If I examine my response, I think the emotions I am mired in come about due to the fact Nowell exited the child’s life so quickly into his existence. I find that offensive, and can’t really muster up the ability to care that I’m being a judgmental prick in the process.
A baby knows two things: love, and pain. When it is in pain, you want nothing more than to end the suffering, to absorb whatever is making it unwell. When emitting love, the rest of the world fades away and all that matters are the eyes staring at you in wonder. So while I understand, logically, that addiction is a difficult demon to challenge, my sympathy ends there. I bring too much emotion to the table to be forgiving.

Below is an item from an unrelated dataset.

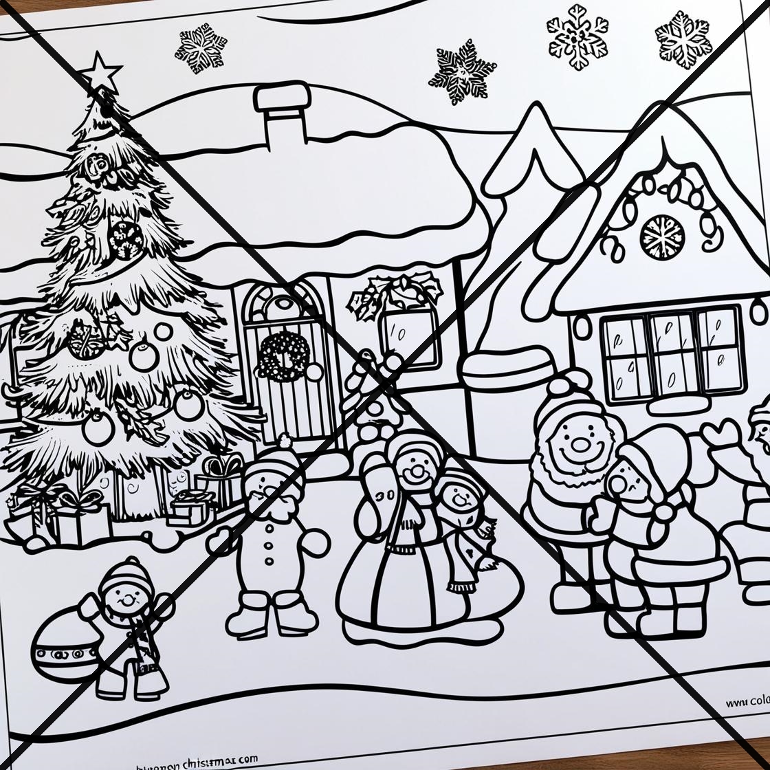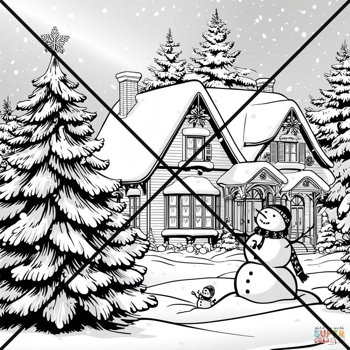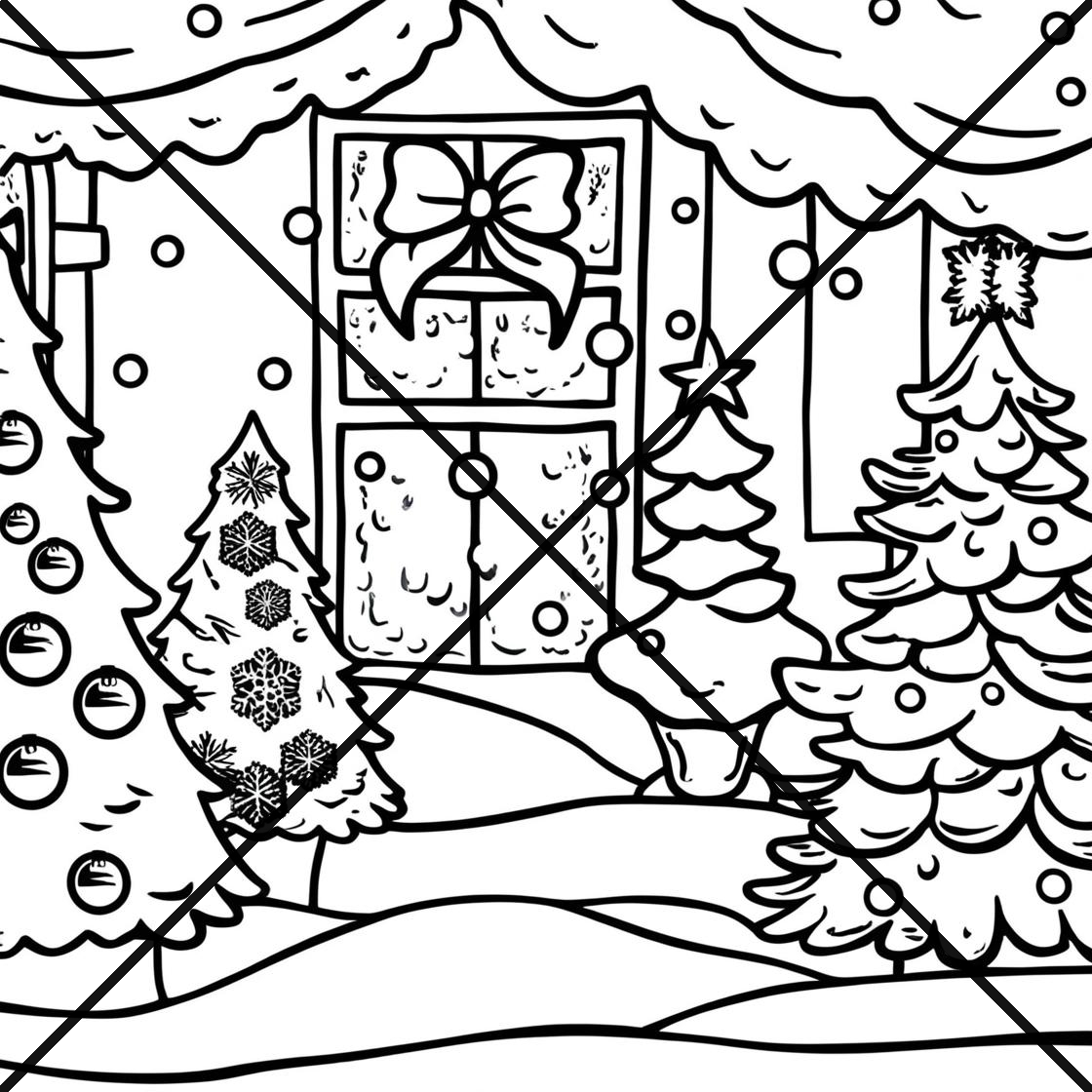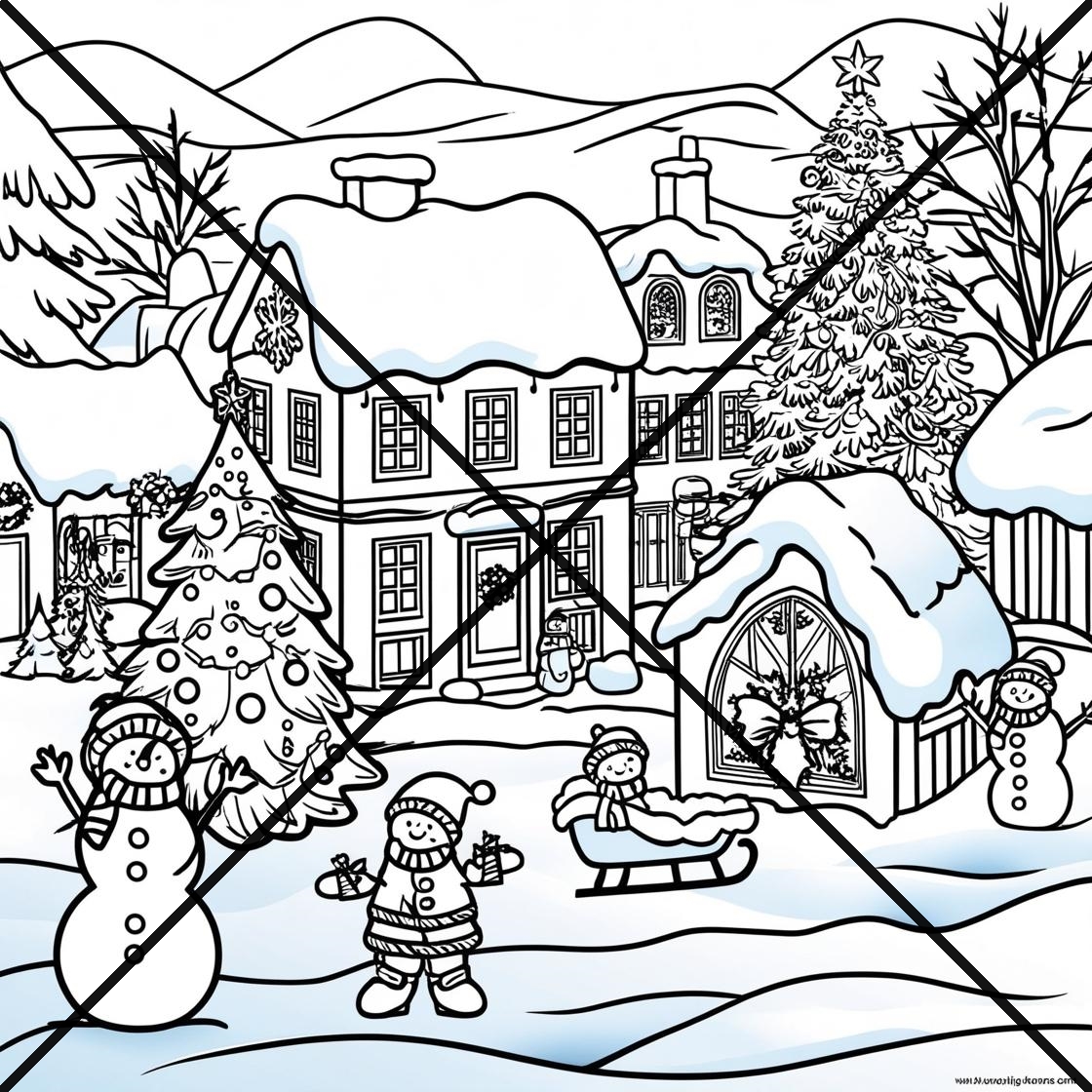 Christmas Snowy Scenes Coloring Book 11 pages print the 11 PDF files in Landscape format.

My daughter Hillary recognizes and stares at me in a manner not unlike Jakob eyeing Bradley. When I enter her room in the morning, her arms reach out—“Pick me up, daddy, I want to be held.” When I return from a week on the road, upon seeing me or hearing my voice, her little face lights up with a huge, partially-toothy smile. It radiates warmth, joy, and innocence.
I observe the world through a different lense these days; what I see involves empathy for anyone participating in the marathon called parenthood. We live on a violent, unfair world, and the best some of us can do is provide love for our children. Whatever challenges are provided by circumstance, you fight them with everything you have, no question. Succumbing to drugs seems too easy a cop out by comparison.
Of course, maybe leaving the child to be raised by others is for the best. I mean, would it be better to never know your father, or live with one who is an addict? Arguments could be made both ways, I suppose, but I cannot help but think that in the least: give your child a chance to get sick of you. When she passed, I immediately believed Anna Nichole’s Smith’s daughter was better off without her. Of course, I’m comparing apples and oranges—a talented musician vs. retarded shell of a human being—in this case.
As always, if I am judging others I must pause and scrutinize my own hypocrisies. I drive extensively for a living. Considering “traffic fatality” is an extremely high-risk way of passing, am I selfish, too? Would it be better for my daughter to lock myself into a 9-5 job, one more safe than dodging 18-wheel drivers bug-eyed on homemade amphetamines, breaknecking it to their destination because the boys are thirsty in Atlanta?
I don’t know, I don’t know, I don’t know.
All I understand is: My heart lives inside my daughter.
It is that simple.
No flowery prose is required to describe the love I feel for her; Hillary is the sun I orbit. I hope to never do anything so selfish that will remove one minute I can spend as her father.
Because, to put it in the words of a beautiful poet: “Lovin’… is what I got.”